Tuesday, February 28, 2023

Understanding Stirner

 

There are two key concepts to understanding Stirner. His subjective brand of egoism requires that the individual live for himself in his own live-in, empirical perspective, solely focused on his own interests. His thoughts, feelings and drives drive him to here and there, but he does not value himself by putting some moral ideal or cause over himself for him to live up to and serve..

 

The second,  critical point is to realize that Stirner the atheist does not believe in a spiritual world, So what is he talking about with people with spiritual interests? It seems that the spiritual is mental or conceptual or abstract effort in our consciousness. So even an atheist like Feuerbach fails because this secular humanism rejects Christianity but replaces it with another ism to be worshiped and served, and that rational cause is spiritual or a phantasm for Stirner.

 

He dismisses all human attempts to serve an ideal or cause as spiritually based at its origin, and to be rejected accordingly. On the bottom of Page 19 of the Byington translation, The Ego and Its Own, by Max Stirner, Stirner denies the spiritual exists except as a human construct coined when first imagines that spiritual entities exist—one’s imaginary act to that effect is their own reality.

 

From the Steven Byington translation, I want to quote from Page 19: “But whom do you think of under the name of egoist? A man, who instead of living up to an idea, that is a spiritual thing, and sacrificing it to his personal advantage, serves the latter. A good patriot brings his sacrifice to the altar of the fatherland; but it cannot be disputed that the fatherland is an idea, since for beasts incapable of mind, or children as yet without mind, there is no fatherland and no patriotism. . . . You despise the egoist because he puts the spiritual in the background as compared with the personal, and has his eyes on himself where you would like to see him act to favor an idea. The distinction between you is that he makes himself the central point, but you the spirit; to be ruler of the paltrier remainder, while he will hear nothing of this cutting in two, and pursues spiritual and material interests just as he pleases . . . You live not to yourself, but to your spirit and to what is the spirit’s, that is ideas.”

 

My response: The egoist serves his personal advantage, not sacrificing himself for some self-alienating ideal, a spook that does not exist. He enjoys his spiritual (rational) and material interests to please himself, failing to worship any ideal.

 

 

Let us look at the same excerpt from the Wolfi Landstreicher translation of Max Stirner’s The Unique And Its Property, Page 26: “But who do you imagine under the name of egoist? A human being who, instead of living an idea, i.e., a spiritual thing, and sacrificing his personal advantage to it, serves the latter. A good patriot, for example, brings his sacrifice to the altar of the fatherland; but it cannot be disputed that the fatherland is an idea, since for animals with no capacity of mind, or children who are still mindless, there is no fatherland and no patriotism  . . .  

So you despise the egoist because he neglects the spiritual in favor of the personal, and looks after himself, where you would like to see him act from love for an idea.

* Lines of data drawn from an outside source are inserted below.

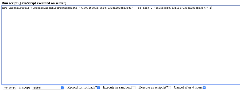 For reference, checklist templates are stored in this table [checklist_template]. You’ll need to go here to get the sys_id of the template so you can use it in the first parameter of the script
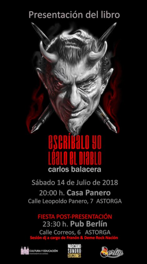 La editorial Marciano Sonoro presenta este sábado 14 de julio la ópera prima del músico astorgano Carlos Balacera, «Escríbalo yo, léalo el diablo». Un libro híbrido con formato de poemario, acompañado de imágenes fotográficas amateur que permiten al autor mostrar su universo más íntimo y cotidiano. La presentación tendrá lugar en la Casa Panero de Astorga a las 20 horas. Y como fiesta post-presentación se ofrecerá una lapidaria sesión de rock and roll a cargo de los dj’s Franón & Deme Rock Nación, a partir de las 23:30 horas en el Pub Berlín.
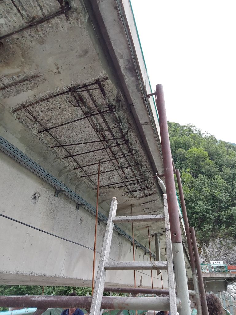Od uvedbe popolne zapore mostu za ves promet je izvajalec izvedel odbijanje slabega betona na mostni konstrukciji, peskanje betona in armature, protikorozijsko zaščito, pranje površine mostnega nosilca in izvedbo potrebnih del za injektiranje razpok.
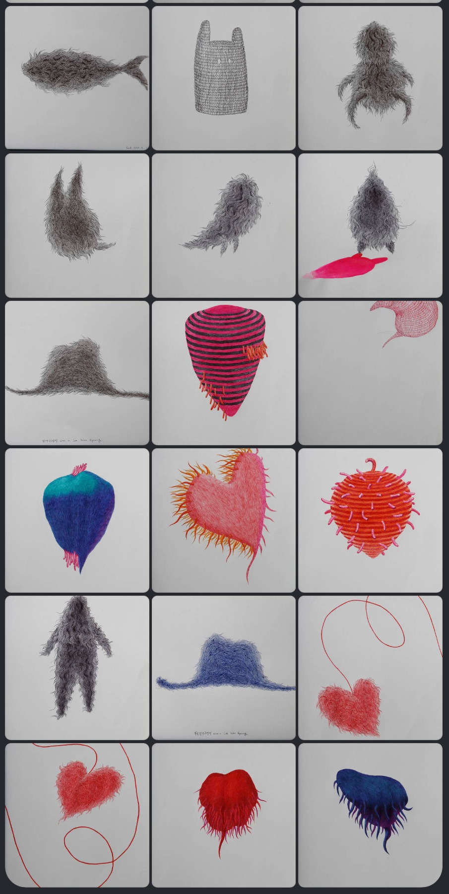 이 스케치는 '시드 시리즈'와 '비 하트 시리즈'라 부르는, 오랜 시간 자기만의 스타일을 창조했던 두 가지 시리즈의 작품을 펜화로 담았다.
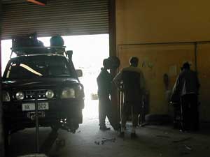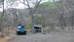 When re-inflating the tyres we noticed that the front nearside tyre had a leaky valve. In the next town, Shakawe, after stocking up with corned beef and tuna (as they had no fresh meat and the frozen chicken came in big 2kg bags), bacon, bread and vegetables. we asked about getting the valve replaced and eventually found the ‘Brigade School’ which turned out to be the Okavango Development Training Group which had workshops and training facilities for teaching a range of skills to the locals. One of them was a garage where we told that they could replace the valve but that we would need to supply it! So we drove back into town, bought a valve from the car parts shop and went back to the workshop where they replaced the valve for us. Cost us P40 plus we gave one of the guys a P10 tip but well worth it to get it fixed so quickly. |
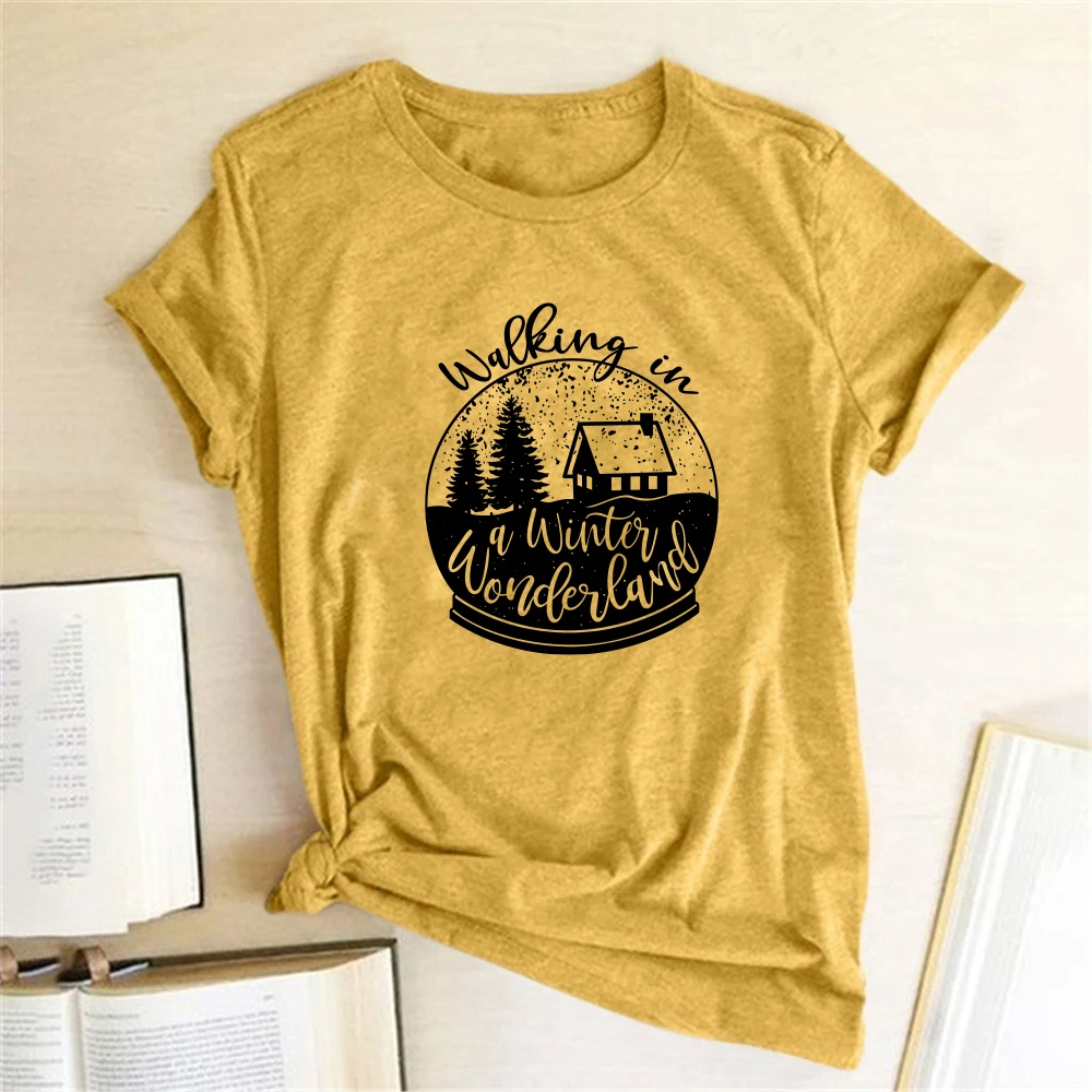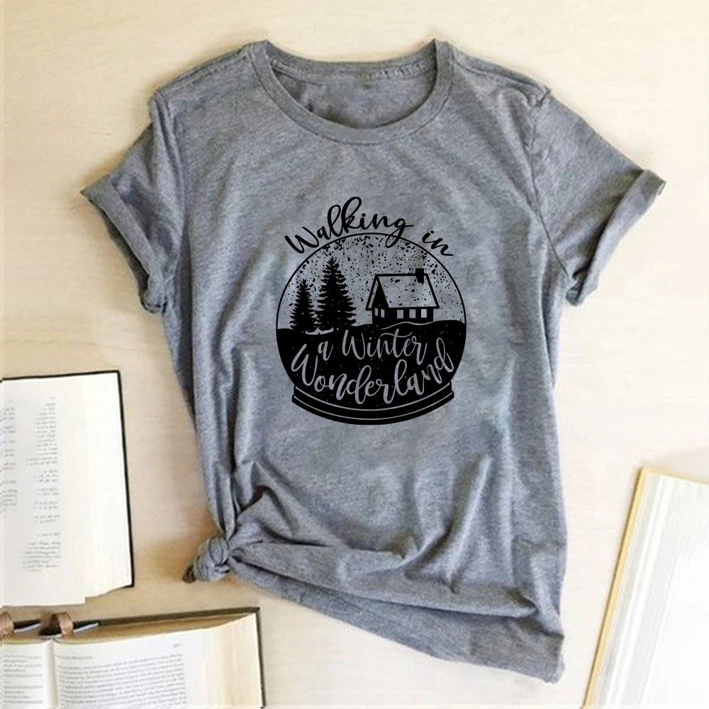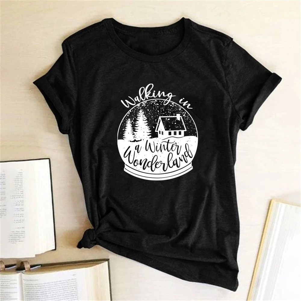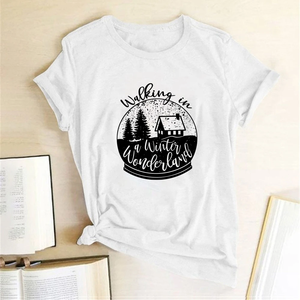 2020 Рождественская женская футболка Прогулка зимой с принтом страны чудес Симпатичные женские футболки Рождественский подарок футболки Топы Одежда
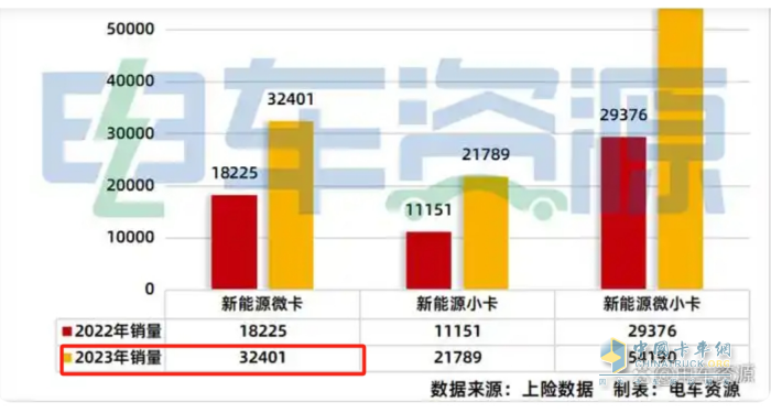 截圖1,2023年新能源微卡銷量(數(shù)據(jù)來源:電車資源提供的上牌信息)

You differ from him in that you make the spirit, and he makes himself the central point, or in that you divide your I in two and raise up your ‘true I,’ the spirit, as master of the worthless remainder, whereas he wants to know nothing of this division, and pursues  spiritual and material interest just as it gives him pleasure . .  You don’t live for yourself, but for your spirit, and what is the spirit’s, i.e., ideas.”

 

My response: Stirner believes the amoral interest that the individual must concentrate on is his own interest, in its spiritual or material aspects.